Senator Edward Kasemeyer, chairman of the Senate Pension Subcommittee, is fighting against the board that has asked Governor Robert Ehrlich to veto the measure. In fact, Comptroller William Schaefer, a member of the board, called the measure unnecessary and Kasemeyer “a dictator,” according to a Columbia (Maryland) Flier report.
Kasemeyer, a sponsor of the bill that was unanimously passed in the Senate, said the bill is necessary because of controversies and problem with the $26-billion pension system in recent years. Among those mentioned by Kasemeyer was former Maryland treasurer Richard Dixon who was being questioned by the Federal Bureau of Investigation (FBI) about an investment manager for the board and a submanager who was convicted of fraud.

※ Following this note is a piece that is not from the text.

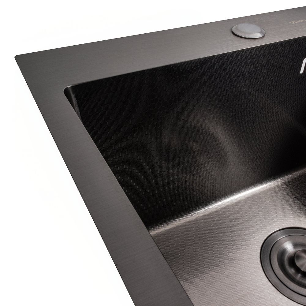 Кухонная мойка VALESO Handmade: Выполнена из прочной нержавеющей стали SUS 201 со специальным защитным покрытием PVD DECOR. Такое покрытие эффективно защищает поверхность от царапин, потемнения и известкового налета. Благодаря толщине стали 3.0 мм на верхней панели и 0.8 мм в чаше, мойка отличается повышенной надежностью и устойчивостью к температурным перепадам.

Additionally, the pension system lost about $6 billion in assets over two years and $30 million through the failure of a computer procurement plan. Kasemeyer added that two years ago, a majority of the board refused to certify an actuary’s recommendation on maintaining contributions to the retirement fund at a desirable level, “as required by state law.”
If signed into law, the bill would require five of the 14 members of the State Retirement and Pension System Board of Trustees be experts in pensions and investing. Current law does not require that any member have such qualifications. Officials for the Ehrlich administration did not offer any clues as to what action the governor may take with the measure.